3.         Kejadian buruk seperti bencana alam tidak dihitung dalam GNP, padahal kejadian tersebut jelas mengurangi kesejahteraan. Bencana tsunami di Aceh yang terjadi pada Desember 2004, jelas mengurangi kesejateraan rakkyat Aceh. Namun ketika pemerintah membangun kembali infrastruktur yang hancur akibat tsunami tersebut, pendanaan untuk kegiatan itu justru masuk ke dalam GNP melalui belanja pemerintah (G), sedangkan pihak swasta yang ikut memberikan bantuan juga di hitung dalam GNP sebagai investasi (I). Akibatnya GNP akan naik dengan kegiatan rekonstruksi pascabencana tsunami, padahal di sana juga ada pengurangan kesejahteraan yang tidak terhitung.  
4.         Masalah polusi juga sering tidak dihitung dalam GNP. Banyak sekali pabrik-pabrik yang dalam kegiatan produksinya menghasilkan polusi air maupun udara. Ini jelas akan merusak lingkungan. Banyak warga di sekitar pabrik akan sakit, sehingga iru berarti berkurang kesejahhteraannya. Mereka terpaksa dikeluarkan biaya untuk berobat dan tidak bisa bekerja untuk melakukan kegiatan yang produktif. Polusi yang menimbulkan biaya sosial ini jelas akan mengurangi kesejateraan, tetapi tidak diperhitungkan dalam GNP.

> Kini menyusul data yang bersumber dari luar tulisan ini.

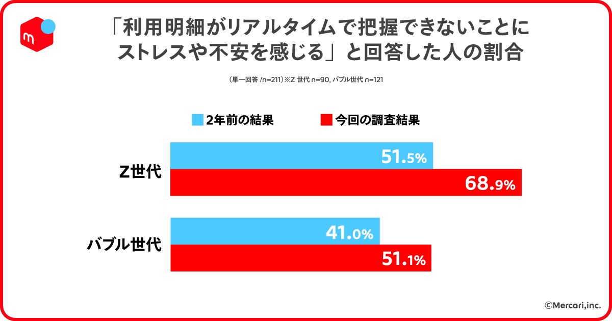 また、利用明細がリアルタイムに把握できないことについて、ストレスや不安を感じるという回答は、2年前の結果(Z世代51.5%:バブル世代41.0%)に比べて、今回の調査結果(Z世代68.9%:バブル世代51.1%)の方が高い数字が出ており、利用明細をリアルタイムで把握することのニーズが高まっている傾向がみられます。

E. PENDAPATAN NASIONAL DALAM PERSPEKTIF ISLAM
Satu hal yang membedakan sistem ekonomi Islam dengan sistem ekonomi lainnya adalah panggunaan parameter falah. Falah adalah kesejahteraan yang hakiki, kesejahteraan yang sebenar-benarnya, di mana komponen-komponen rohaniah masuk ke dalam pengertian falah ini. Ekonomi Islam dalam arti sebuah sistem ekonomi (nidzom al-iqtishad) merupakan sebuah sistem yang dapat mengantar umat manusia kepada real welfare (falah), kesejahteraan yang sebenarnya.
Memang benar bahwa semua sistem ekonomi baik yang sudah tidak eksis lagi atau telah terkubur oleh sejarah maupun yang saat ini sedang berada di puncak kejayaannya, bertujuan untuk menghantarkan kesejahteraan kepada para penganutnya. Namun lebih sering kesejahteraan itu diwujudkan pada pengingkatan GNP yang tinggi, yang kalau dibagi dengan jumlah penduduk akan menghasilkan per capita income yang tinggi. Jika hanya itu ukurannya, maka kapitalis modern akan mendapat angka maksimal.
Pendapatan per kapita yang tinggi bukan satu-satunya komponen pokok yang menyusun kesejahteraan. Ia hanya merupakan necessary condition dalam isu kesejahteraan dan bukan sufficient condition. Al-Falah dalam pengertian Islam mengacu kepada konsep Islam tentang manusia itu sendiri. Dalam Islam, esensi manusia ada pada ruhaniahnya. Karena itu seluruh kegiatan duniawi termasuk ekonomi diarahkan tidak saja untuk memenuhi tuntutan fisik jasadiyah melainkan juga memenuhi kebutuhan ruhani di mana ia merupakan esensi manusia.
Maka dari itu selain harus memasukkan unsur falah dalam menganalisis kesejahteraan, penghitungan pendapatan nasional berdasarkan Islam juga harus mampu mengenali bagaimana interaksi instrumen-instrumen wakaf, zakat, dan sedekah dalam meningkatkan kesejahteraan umat.
Pada intinya, ekonomi Islam harus mampu menyediakan suatu cara untuk mengukur kesejahteraan ekonomi dan kesejahteraan sosial berdasarkan sistem moral dan sosial Islam.
Setidaknya ada empat hal yang semestinya bisa diukur dengan pendekatan pendapatan nasional berdasarkan ekonomi Islam, sehingga tingkat kesejahtraan bisa dilihat secara lebih jernih dan tidak bias. Empat hal tersebut adalah:[12]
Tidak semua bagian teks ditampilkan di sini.